◆ Required action ◆
Only one span is wanted from the lines below: from the one with "The original back" up to and including the one with "Кресло офисное Norden". Copy it exactly, without images.

◆ Data under study ◆
----------------

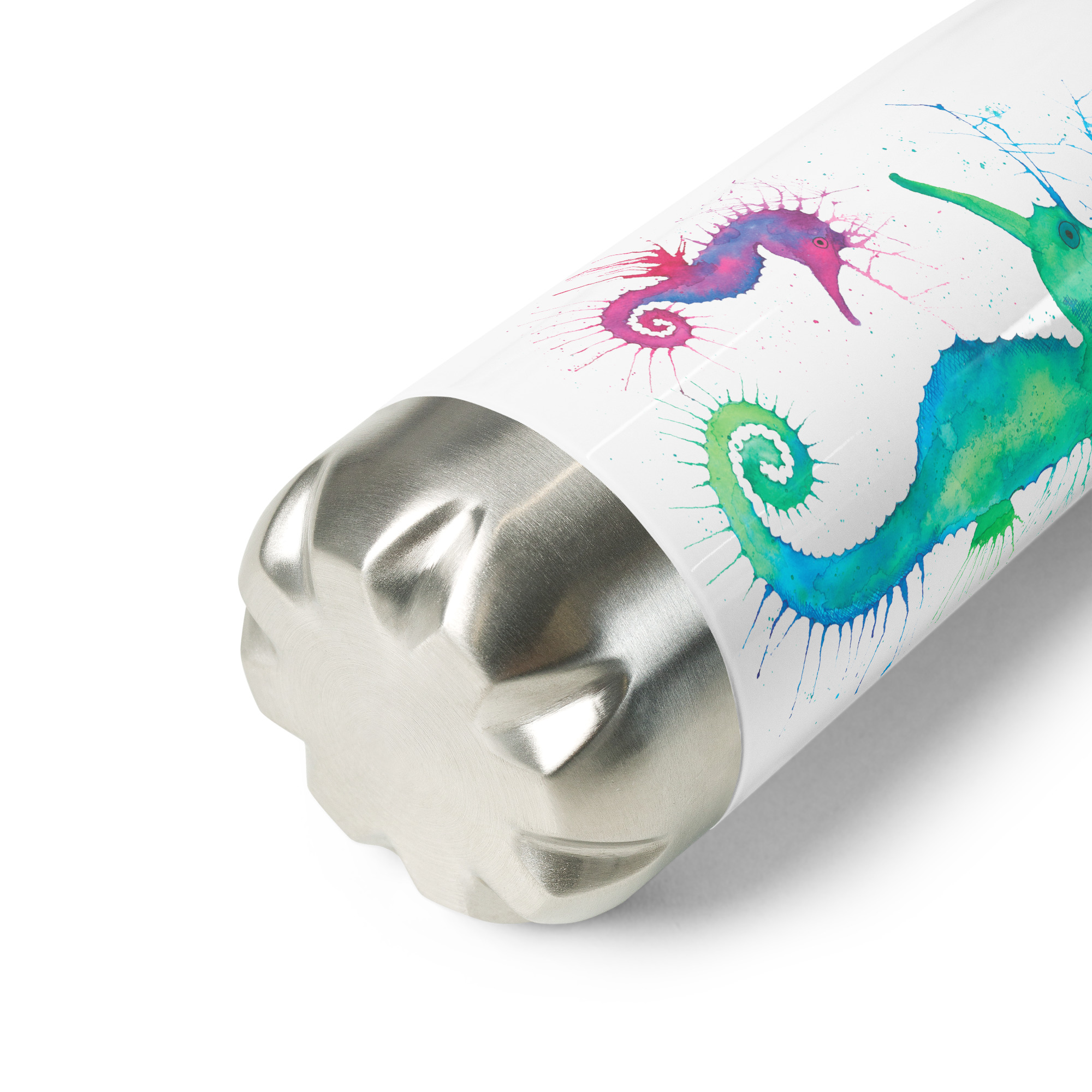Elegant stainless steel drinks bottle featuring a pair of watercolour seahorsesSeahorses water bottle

----------------

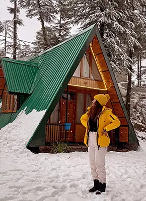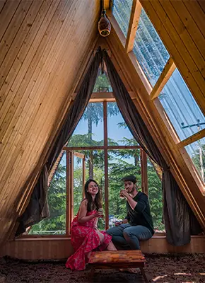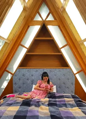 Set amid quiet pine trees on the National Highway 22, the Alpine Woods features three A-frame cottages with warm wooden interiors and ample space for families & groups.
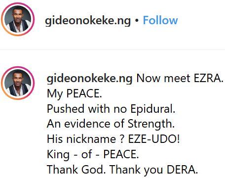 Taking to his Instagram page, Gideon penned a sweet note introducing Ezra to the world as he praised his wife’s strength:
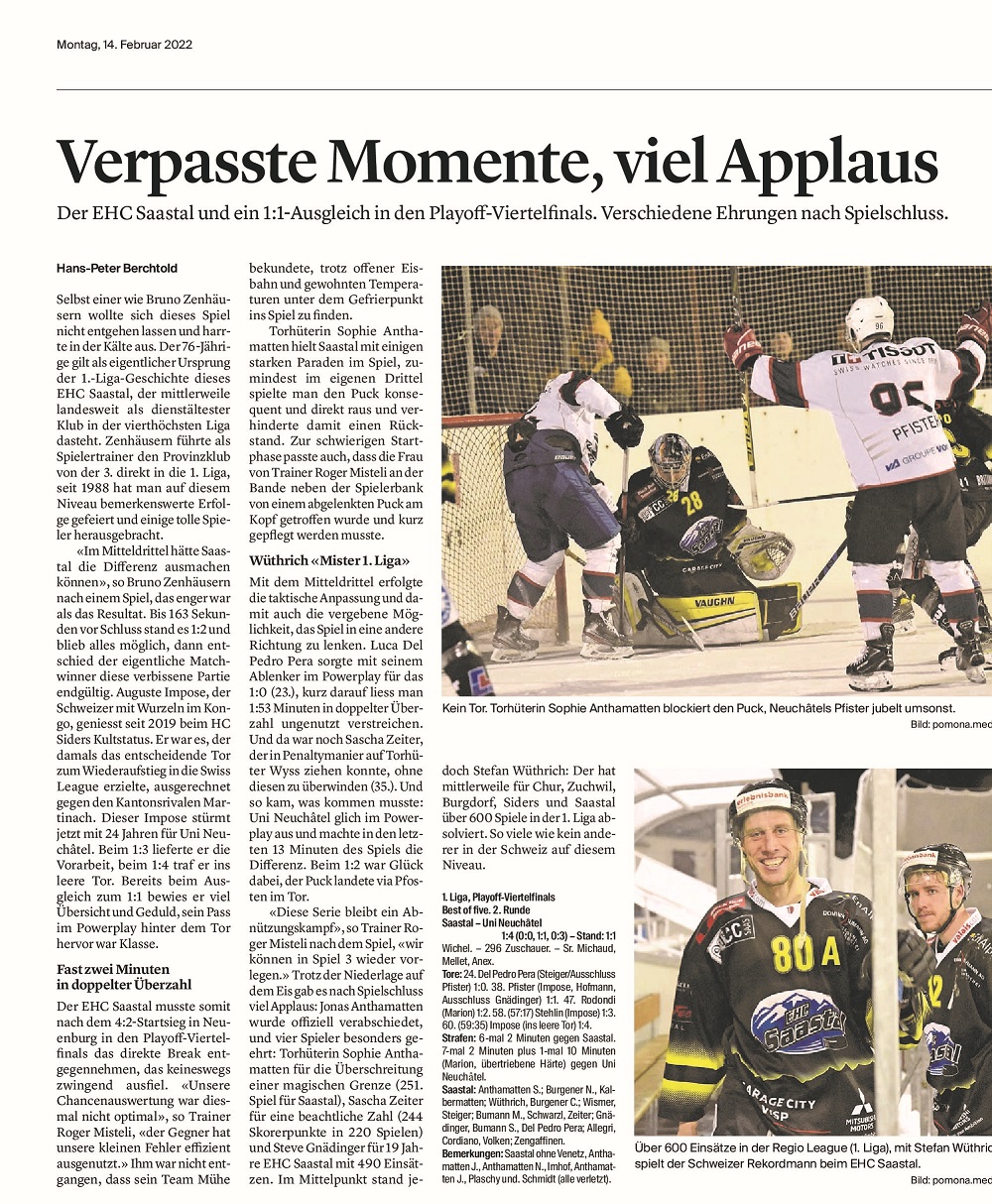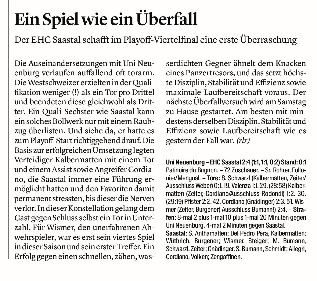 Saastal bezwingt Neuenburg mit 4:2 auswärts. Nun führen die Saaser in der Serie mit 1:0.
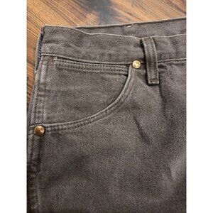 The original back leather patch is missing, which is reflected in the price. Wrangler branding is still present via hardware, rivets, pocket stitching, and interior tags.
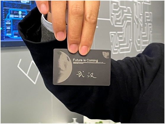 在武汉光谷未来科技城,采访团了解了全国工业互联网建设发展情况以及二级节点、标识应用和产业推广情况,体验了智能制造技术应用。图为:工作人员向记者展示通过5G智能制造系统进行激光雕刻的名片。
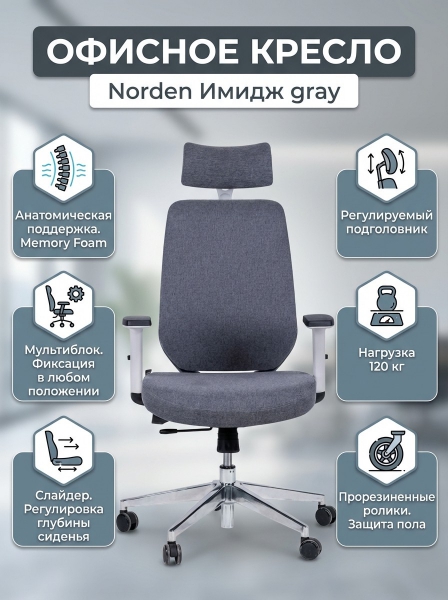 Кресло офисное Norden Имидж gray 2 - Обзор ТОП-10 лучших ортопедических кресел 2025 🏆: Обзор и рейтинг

----------------

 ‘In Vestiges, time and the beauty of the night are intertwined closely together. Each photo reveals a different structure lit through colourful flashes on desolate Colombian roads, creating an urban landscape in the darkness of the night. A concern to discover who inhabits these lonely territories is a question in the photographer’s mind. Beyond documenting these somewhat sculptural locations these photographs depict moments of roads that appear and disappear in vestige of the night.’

----------------

◆ Result below ◆
 The original back leather patch is missing, which is reflected in the price. Wrangler branding is still present via hardware, rivets, pocket stitching, and interior tags.
 在武汉光谷未来科技城,采访团了解了全国工业互联网建设发展情况以及二级节点、标识应用和产业推广情况,体验了智能制造技术应用。图为:工作人员向记者展示通过5G智能制造系统进行激光雕刻的名片。
 Кресло офисное Norden Имидж gray 2 - Обзор ТОП-10 лучших ортопедических кресел 2025 🏆: Обзор и рейтинг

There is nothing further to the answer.